Efficient norovirus and reovirus replication in the mouse intestine requires microfold (M) cells.


PMID 24696493

Abstract

Microfold (M) cells are specialized intestinal epithelial cells that internalize particulate antigens and aid in the establishment of immune responses to enteric pathogens. M cells have also been suggested as a portal for pathogen entry into the host. While virus particles have been observed in M cells, it is not known whether viruses use M cells to initiate a productive infection. Noroviruses (NoVs) are single-stranded RNA viruses that infect host organisms via the fecal-oral route. Murine NoV (MNV) infects intestinal macrophages and dendritic cells and provides a tractable experimental system for understanding how an enteric virus overcomes the intestinal epithelial barrier to infect underlying target cells. We found that replication of two divergent MNV strains was reduced in mice depleted of M cells. Reoviruses are double-stranded RNA viruses that infect hosts via respiratory or enteric routes. In contrast to MNV, reovirus infects enterocytes in the intestine. Despite differences in cell tropism, reovirus infection was also reduced in M cell-depleted mice. These data demonstrate that M cells are required for the pathogenesis of two unrelated enteric viruses that replicate in different cell types within the intestine. To successfully infect their hosts, pathogens that infect via the gastrointestinal tract must overcome the multilayered system of host defenses.

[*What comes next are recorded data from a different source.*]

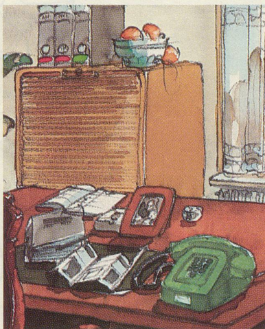
Ein grünes Tastentelefon im Arbeitszimmer für ungestörte Gespräche trotz Fernsehen oder Besuch.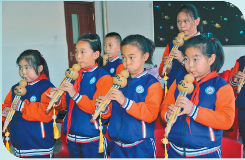
乌海市海南区第一小学学生利用课后服务时间学习葫芦丝。乘着“双减”的东风,全区各级各类学校在落实立德树人的根本任务下,努力培养德智体美劳全面发展的社会主义建设者和接班人,将“五育并举”落到实处。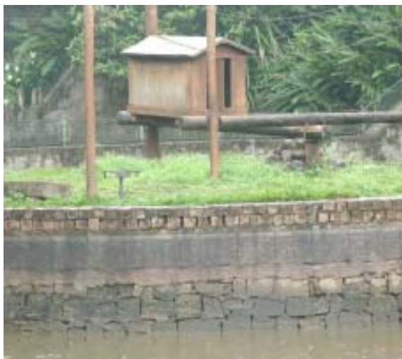
Abrigo dos macacos, próximo ao lago do Bosque

Os patos e as tartarugas que viviam no local foram transferidos para outros recintos da área, enquanto os peixes foram levados para o lago do Bosque do Distrito de Barão Geraldo. Em seguida, serão realizados os reparos nas paredes de concreto e pedra do lago, eliminando todas as trincas. Para isso, serão utilizados cerca de 20 m 3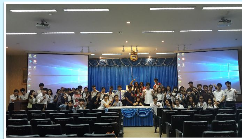
24 เม.ย. 2559 วิทยากร วัฒนธรรมความพิการ วิชาการศึกษาพิเศษ ณ คณะศึกษาศาสตร์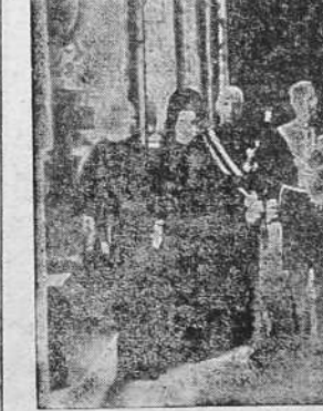
S. S. EL PAPA RECIBE A LA MISION ESPAÑOLA

Los guardias móviles han descubierto en un campamento de concentración un lingote de plata de 18 kilos.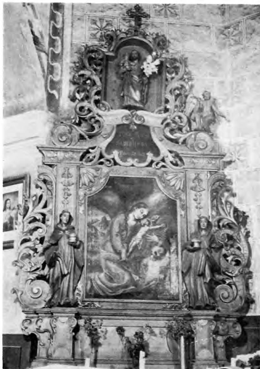
18 Turnašica, župna crkva — Pobočni oltar Sv. Marije Magdalene

Sa dva glavna oltara većih dimenzija zastupljen je kipar Severin u Otrovancu i Bojani. Oba su nastala već u šestom desetljeću 18. stoljeća, potkraj njegove djelatnosti. Oltar u Bojani u čazmanskoj regiji nešto je mlađi; nastao je oko godine 1752. (kronogram u kartuši nad oltarnom slikom navodi 1753. kao godinu bojenja i pozlaćivanja) za svetište ove lijepe, prostrane kapele moslavačke župe Draganec. 25 U cjelini gledano, arhitektura je tog bojanskog oltara konvencionalnija od križevačkih i podravskih retabla, sa svojim stupovima u ravnini i glavnim akcentom na širokom, mnogostruko profiliranom gređu. Gotovo sve dekorativne komponente oltara koncentrirane su na atici. Zanimljivi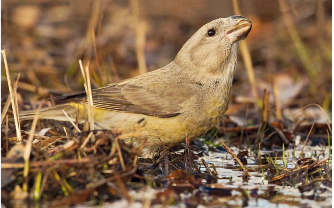
62 Parrot Crossbill / Grote Kruisbek Loxia pytyopsittacus , female, Lanaken, Limburg, Belgium, 2 January 2014 (Filip De Ruwe)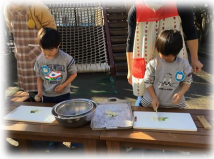
七草がゆ作り 歌いながら七草を刻みました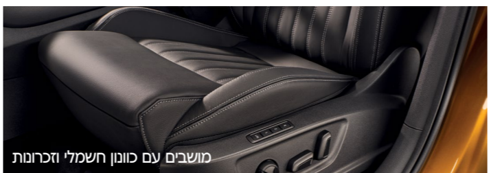
מושבים עם כונון חשמלי וזכרונות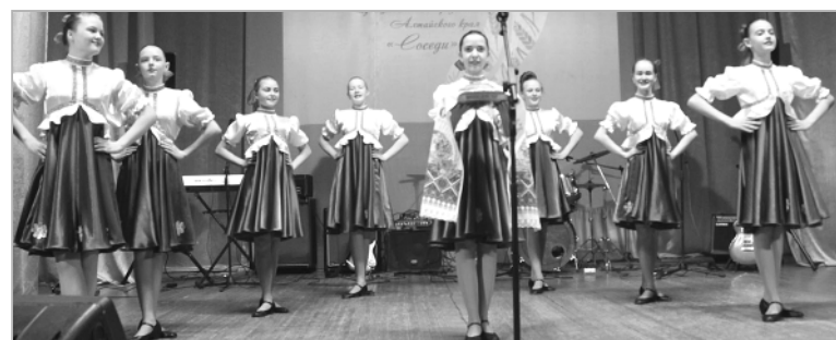
Хлебом-солью встречали наших артистов на гостеприимной красногорской земле.

Зрители тепло благодарили артистов за подаренное праздничное настроение.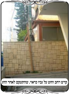
קרש רחב וחוט על גביו כראוי, שהתקנה לאחרי החי

חצר נוספת שביקשה עזרה בעשיית עירוב, חצר שיש לה קירות גבוהים משלש צדדים, וצד החזית פתוח כולו. הגדר שלפני הבנין נמוכה מאוד. במקרה כזה הפתרון הטוב הוא, לעשות צורת הפתח ארוכה, לכל רוחב צד החזית, מקור לקיר. אמנם צריך להקפיד שהיא לא תעבור על מחיצה, ובמקרים כאלו מצוי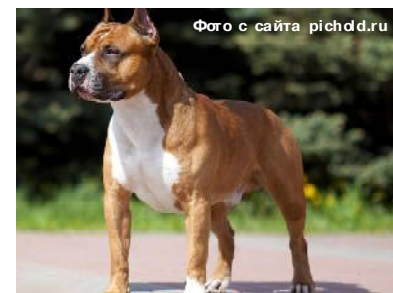
Американский стаффордширский терьер

Однако его доводы опровергались имеющимися по делу доказательствами. Девочка по фотографии опознала в принадлежащей ответчику собаке ту, что причинила ей раны. О принадлежности собаки ответчику сообщили и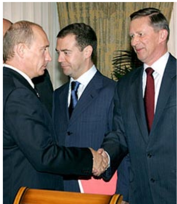
Putin, Medwedew, Iwanow

Es kann sein, dass die russischen Wähler sich ähnlich fühlen wie Agafja Tichonowna, wenn sie die russischen 19-Uhr-Nachrichten gucken und die Berichterstattung über die beiden heißesten Kreml-Kandidaten, Sergei Iwanow und Dimitri Medwedew, verfolgen. Jeden Abend sind beide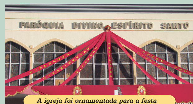
A igreja foi ornamentada para a festa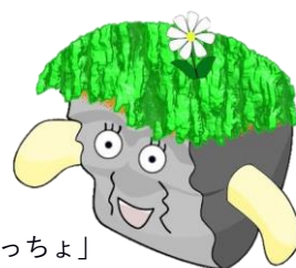
公式マスコット キャラクター「いわっちょ」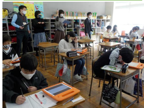
4年1組 国語 「音声ヒントを手掛かりに考えよう」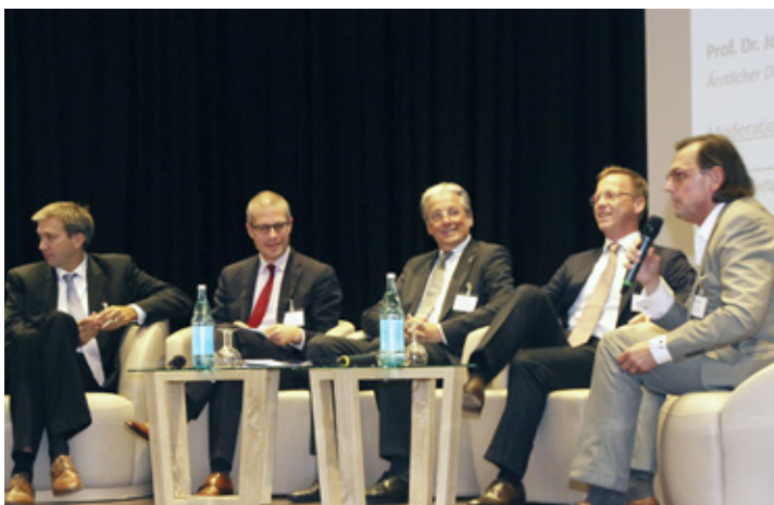
Podiumsdiskussion auf dem Klinikkongress 2016 in Dortmund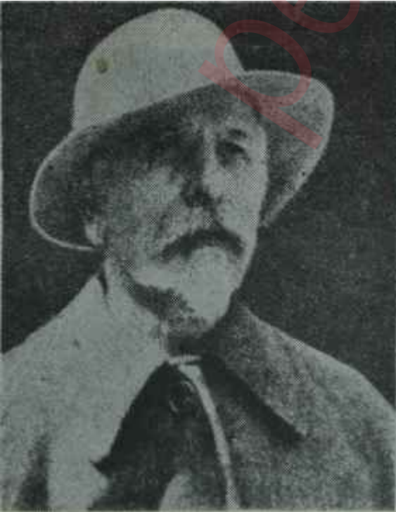
Sir Basil Zaharoff

Ama Sir Basil Zaharoff 1920 yılları civarında - oynadığı bu kadar büyük ve önemli role rağmen - yunanlıların ve bilhassa Venizelosun dünya umumi efkârını ve dünyanın liderlerini yunan dâvalarının, savunucuları haline getirmek, için kurdukları, muazzam propaganda mekanizmasının sadece bir çarkıdır. O tarihe-kadar görülmemiş olan bu propaganda faaliyeti Birinci Dünya Harbinden sonra Yunanistanın bilhassa bizim, aleyhimize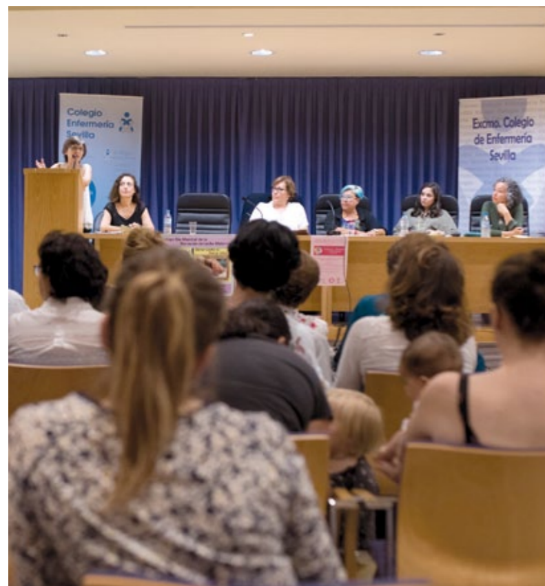
▲ El numeroso público compuesto por matronas, residentes, madres, padres y niños.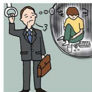
障害や病気の家族の世話や 介護をいつも気にかけている

こころやからだに不調のある人への「介護」「看病」「療育」「世話」「気づかい」など、 ケアの必要な家族や近親者・友人・知人などを無償でケアする人たちのことです。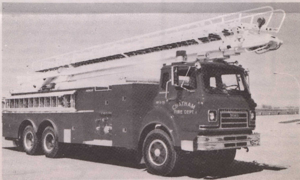
Equipo de lucha contra incendio.

Se puede obtener más información dirigiéndose a la División Comercial de la Embajada de Canadá.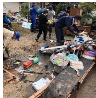
芦北での活動の様子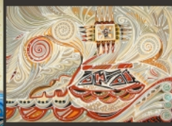
Артанія (Родина, Духовність, Добробут), триптих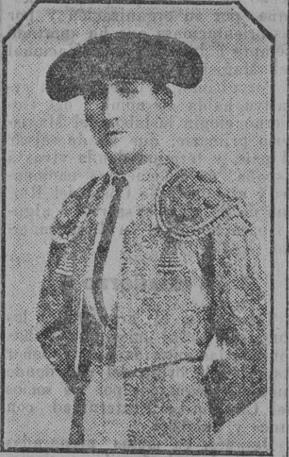
Ex novillero que ayer actuaba de peon y que sufrió una gravísima cogida durante la lidia del sexto novillo.

Este número ha sido visado por la censura gubernativa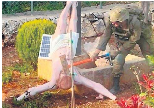
Na fotografii udostępnionej przez dziennikarzy widać żołnierza rozbijającego figurę Jezusa ciężkim młotem

Sprawę skomentował w poniedziałek na X szef MSZ Radosław Sikorski. „Dobrze, że minister Saar szybko przeprosił, było za co. Należy ukarać tego żołnierza, ale i wyciągnąć wnioski wobec sposobu, w jaki są formowani” - napisał Sikorski. PAP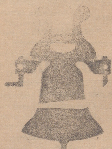
Campana con yugo de hierro de una sola pieza

Calle de Francia y Portal de Urbina VITORIA (ALAVA)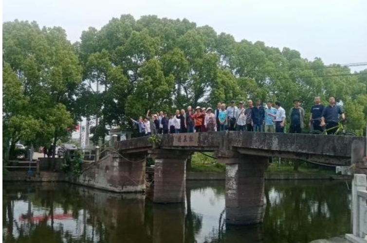
游客参观二桥一亭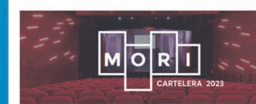
Teatro MORI Parque Arauco - Vitacura Recoleta - Bellavista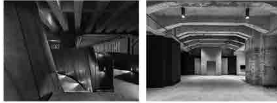
da sx: La rampa d'accesso al Luogo di Riflessione e il Muro dei Nomi; il foyer dell'auditorium.

strutturale della biblioteca. In tal modo si è ovviato al problema delle vibrazioni causate dallo scorrere dei convogli in superficie.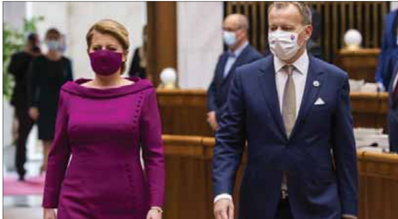
Mnohí pozorovatelia charakterizovali prvú správu prezidentky o stave republiky ako vyváženú.

Prezidentka skritizovala stav digitálnej infraštruktúry a zdôraznila potrebu jej zlepšenia. Tiež poukázala na to, že hospodársky model, ktorý bol založený na nízkych mzdách a na lákaní priamych zahraničných investícií, sa už zrejme vyčerpal. Slovensko by podľa prezidentky malo podporovať domáce podnikateľské prostredie. Skutočnosť, že je dielňou svetových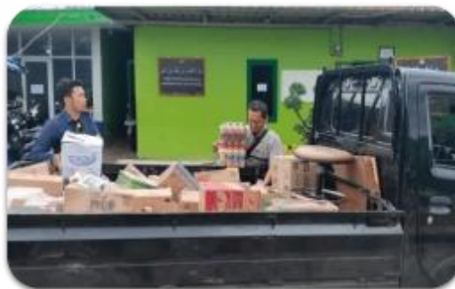
Gambar 7. Pengadaan persediaan barang untuk Minimarket PPTQ An-Nail 16 Oktober 2022

Animo para santri dengan dibukanya minimarket ini sangat besar, hal ini dapat dilihat dengan antrian santri yang menunggu minimarket terbuka. Selama bulan Oktober 2022, dapat dikatakan bahwa minimarket PPTQ An-Nail berkembang sangat pesat.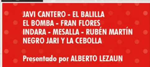
FESTIVAL RADIOLÉ - 22-00 H - ESCENARIO LA COMARCA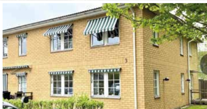
SoL 7.1.3 Psykiatri

VINKELGATAN – psykiatri, våldsutsatthet och samsjuklighet. Mindre boende med 7 platser i egna lägenheter. För kvinnor, 21–65 år.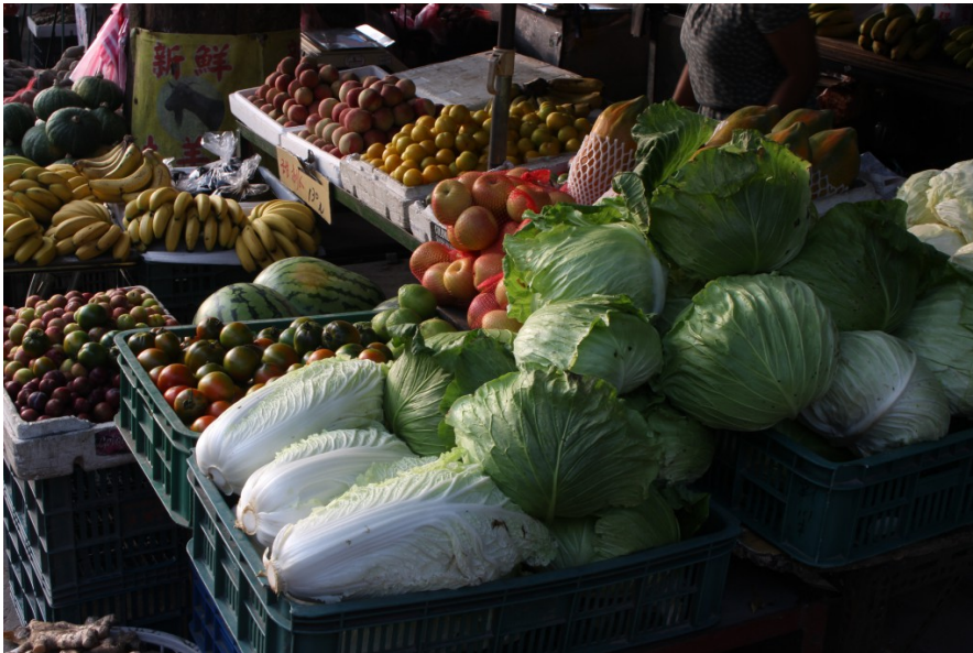
蔬果的新鮮，一看就知道；新鮮的蔬果，才能讓人吃的安心。

Microfold (M) cells are specialized intestinal epithelial cells that internalize particulate antigens and aid in the establishment of immune responses to enteric pathogens. Virus particles have been observed within M cells. However, it is not known whether viruses use M cells to initiate a productive infection. To address this question, we use MNV and reovirus, two enteric viruses that replicate in different cell types in the intestine, intestinal epithelial cells for reovirus and intestinal mononuclear phagocytes for MNV. Interestingly, MNV- and reovirus-infected mice depleted of M cells showed reduced viral loads in the intestine. Thus, our work demonstrates the importance of M cells in the pathogenesis of enteric viruses irrespective of the target cell type in which the virus replicates.